(from the governor’s official internet site, April 25, 2011)
Remarkable Life Story
Paul LePage has spent most of his life tackling one challenge after another, the kinds of challenges that defeat most people.
The oldest son of eighteen children in an impoverished, dysfunctional family, Governor LePage left home at the age of eleven to escape domestic violence and lived on the streets of Lewiston for two years, making a meager living shining shoes.
At age thirteen, two families jointly “adopted” Governor LePage. Eddy and Pauline Collins kept him busy washing dishes at the Theriault’s Cafe. Bruce and Joan Myrick kept him busy hauling boxes. Bruce was a Pepsi-Cola truck driver. Later the Governor worked at the Antoine Rubber Company and at a meat packing company.
While attending Husson, he supported himself as a short order cook and bartender, while making time to be the editor of the college newspaper.
Getting into Husson presented a challenge in itself. Governor LePage was brought up speaking French. With the help of U.S. Senator Olympia Snowe’s first husband, Peter, he was able to take an admissions exam in French to demonstrate his strong comprehension abilities and earn admittance.
In college, Governor LePage excelled academically and graduated with a BS in Business Administration in Finance/Accounting. He then went on to earn an advanced college degree – an MBA from the University of Maine.
Leader in Maine Business
Mickey Marden hired Governor LePage as general manager of Marden’s in 1996. The Governor helped build the organization necessary to go from a handful of stores to 15 Maine-based locations that have become a favorite of bargain hunters and shopping adventurists alike.
Prior to joining Marden’s, Governor LePage headed a private consultancy through which he provided executive officer, chief operating officer and chief financial officer services and advice to banks, law firms, client companies, insurance companies, bankruptcy courts and trustees. His industry experience includes manufacturing, wood products, forestry, power, furniture, food and beverage, building supply and construction in Maine and Canada.
Chief Executive of a Maine Government
Next to escaping a life of poverty in Lewiston, Governor LePage’s greatest success has been as Mayor of Waterville. As a Republican in a solidly Democrat town, the Governor worked across party lines to reduce taxes annually, improve the City’s credit rating, increase the rainy day fund and maintain strong support for local education – all without cutting services.
An attention to detail, focus on the big picture and a zeal for efficiency are business attributes that Governor LePage brings to public service at the municipal and now the State level.
Candidate for Maine Governor
A business leader who served his community as mayor, Paul LePage decided to run for Governor believing the approach that had succeeded throughout his business career and in Waterville could work for all of Maine.

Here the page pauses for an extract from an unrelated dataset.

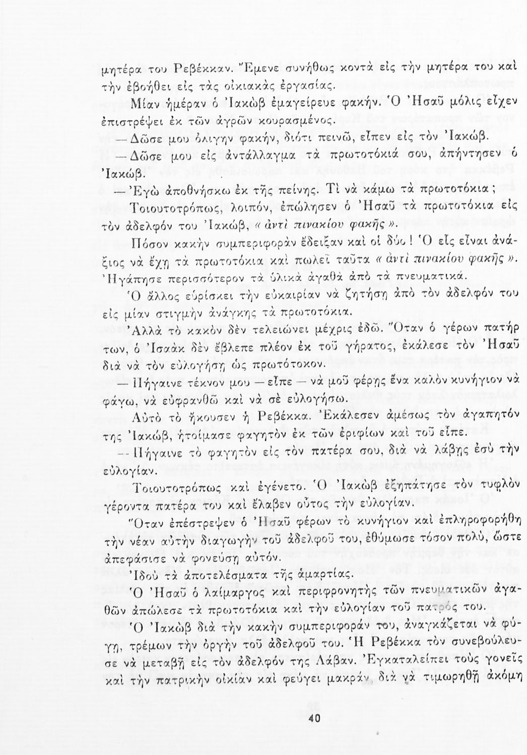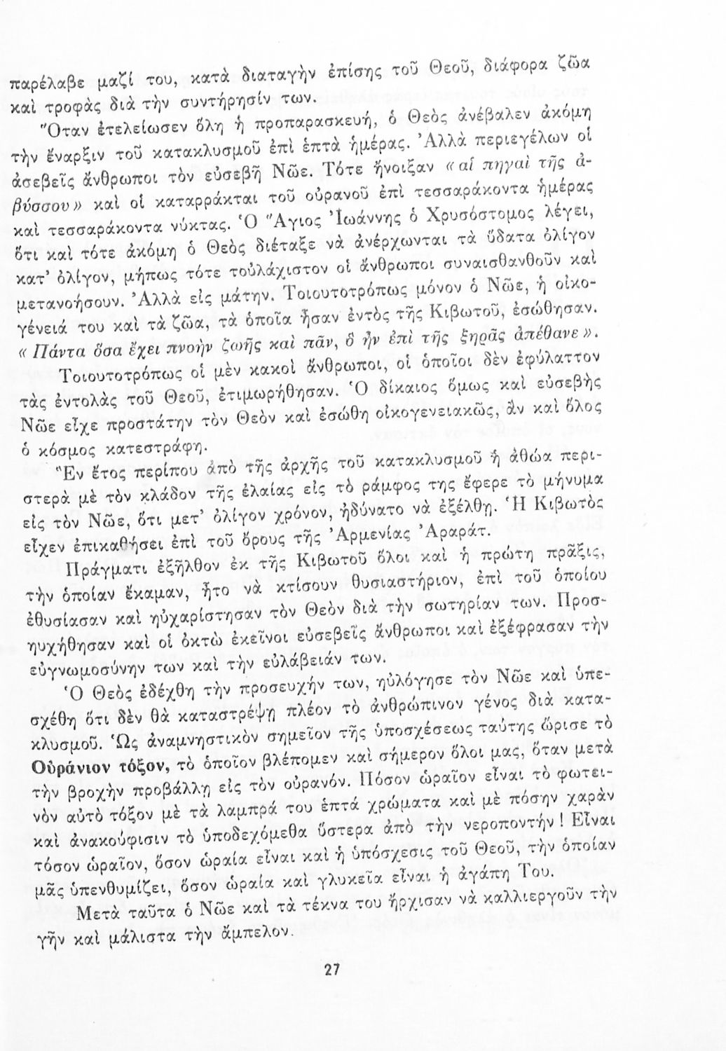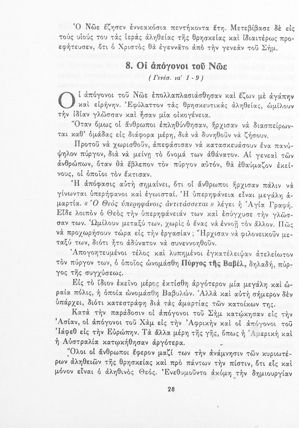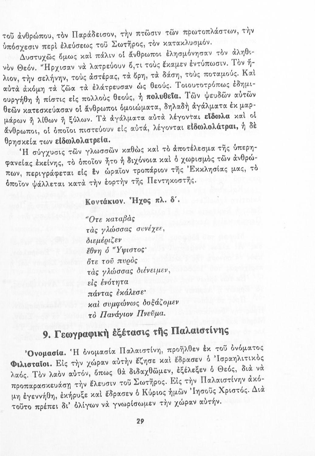 Σχολικό εγχειρίδιο Θρησκευτικών που συνιστά μία εξιστόρηση της Παλαιάς Διαθήκης από τη δημιουργία του κόσμου ως την υποταγή των Εβραίων στους Ρωμαίους. Περιέχει και στοιχεία γεωγραφίας της Παλαιστίνης.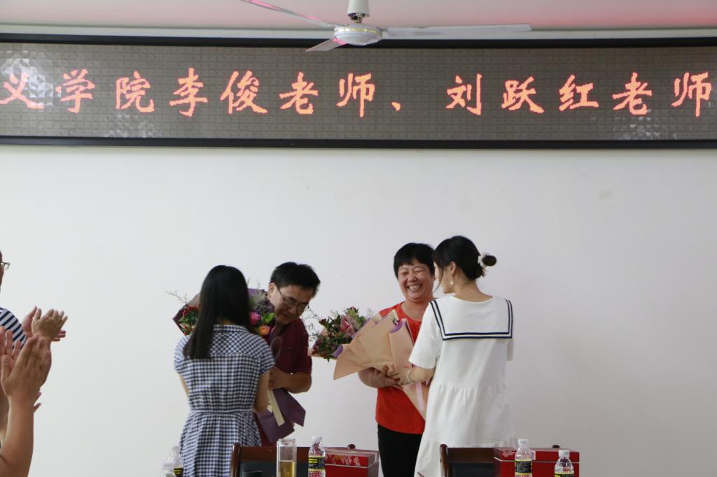 张云阁经理、段捷频书记为两位教师颁赠了公司特别定制的纪念品,员工代表为两位教师献花并合影留念。

He entered a seven-way primary contest for the Republican Nomination for Governor with very little name recognition among the party faithful. Event by event, Governor LePage won over converts with his message of personal success and his fiscally conservative principles. Despite being outspent ten-to-one by his nearest primary opponent, the Governor went on to a resounding victory, earning 38% of the vote in the seven-way primary.

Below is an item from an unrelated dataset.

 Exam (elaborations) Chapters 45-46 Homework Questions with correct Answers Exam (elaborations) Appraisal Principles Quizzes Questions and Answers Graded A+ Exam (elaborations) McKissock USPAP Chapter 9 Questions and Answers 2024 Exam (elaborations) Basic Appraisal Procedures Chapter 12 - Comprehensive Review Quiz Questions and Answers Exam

During the five-way General Election, Governor LePage continued to talk about his experience in creating jobs and his commitment to putting people before politics in Maine. Governor LePage rode that message to victory on November 2, 2010.
Paul LePage was sworn in as Maine Governor on Wednesday, January 5, 2011. (Read Governor LePage’s inaugural address.)

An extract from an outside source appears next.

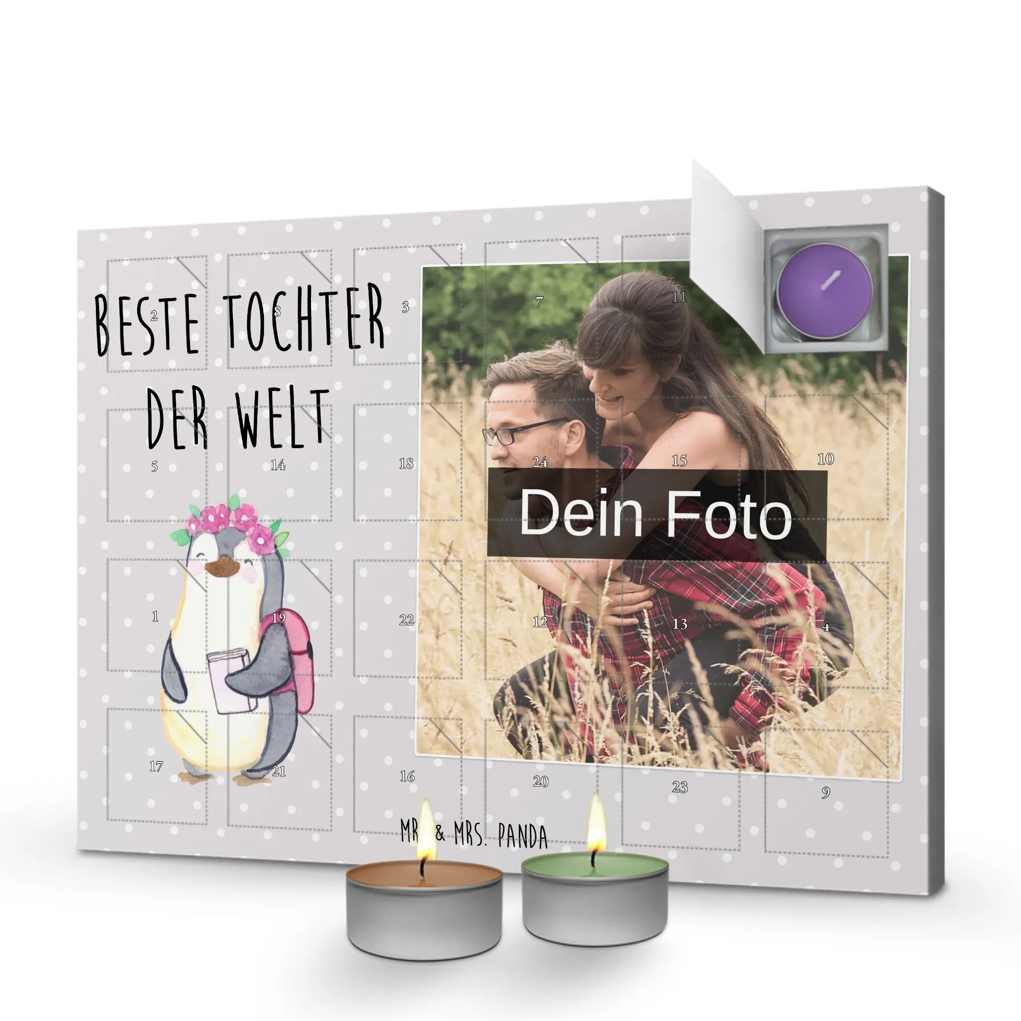 Der personalisierte Duftkerzen Foto Adventskalender 'Pinguin Beste Tochter der Welt' von Mr. & Mrs. Panda ist das perfekte Geschenk für all die wunderbaren Töchter da draußen. Egal ob zum Geburtstag, zur Geburt oder einfach als Dankeschön für die kleinen und großen Glücksmomente im Leben – dieser Adventskalender zaubert mit seinen liebevollen Designs und herzlichen Sprüchen ein Lächeln ins Gesicht deiner Tochter. Der süße Pinguin mit Blumen auf dem Kopf und einem Rucksack auf dem Rücken wird sofort die Herzen der Beschenkten erobern.

(end governor’s official biography)
Governor LePage’s administration was rocked by controversy in its early stages. Among them the governor:
- January 15, 2011: in refusing a request from the Maine NAACP to meet with them on their terms, responded a question from a reporter “What is your response to them saying this is more than one instance but rather a pattern?” by saying “Tell ’em to kiss my butt.”
- March 23, 2011: ordered removal of a mural, depicting Maine’s labor history, from the Maine Department of Labor as “not in keeping with the department’s pro-business goals.” When asked on March 25th how he would respond if protesters formed a human chain to prevent removal, he said, “I would laugh at ’em, the idiots.”
Concerned about these and other inflammatory statements, eight Maine Senate Republicans publicly rebuked the governor in a newspaper opinion piece on April 4, 2011.
His public statements may have influenced the outcome of the 2012 election, when Republicans lost control of the State Senate and House of Representatives. The governor continued his “frank” comments apparently regardless of their impact.
In June 2013 the San Francisco Chronicle reported “LePage said Jackson ‘claims to be for the people, but he’s the first one to give it to the people without providing Vaseline.”
With the legislative session ending in 2013, LePage had broken the record of vetoes in a single session by modern governors. By July 5, 2013 he had rejected 57 bills passed by the now Democratic controlled legislature, surpassing the previous record held by Independent James B. Longley, Sr. at 40 in 1975.
In the November 2014 election for governor, LePage won 48.2% of the vote (unofficially) to be reelected to a second term.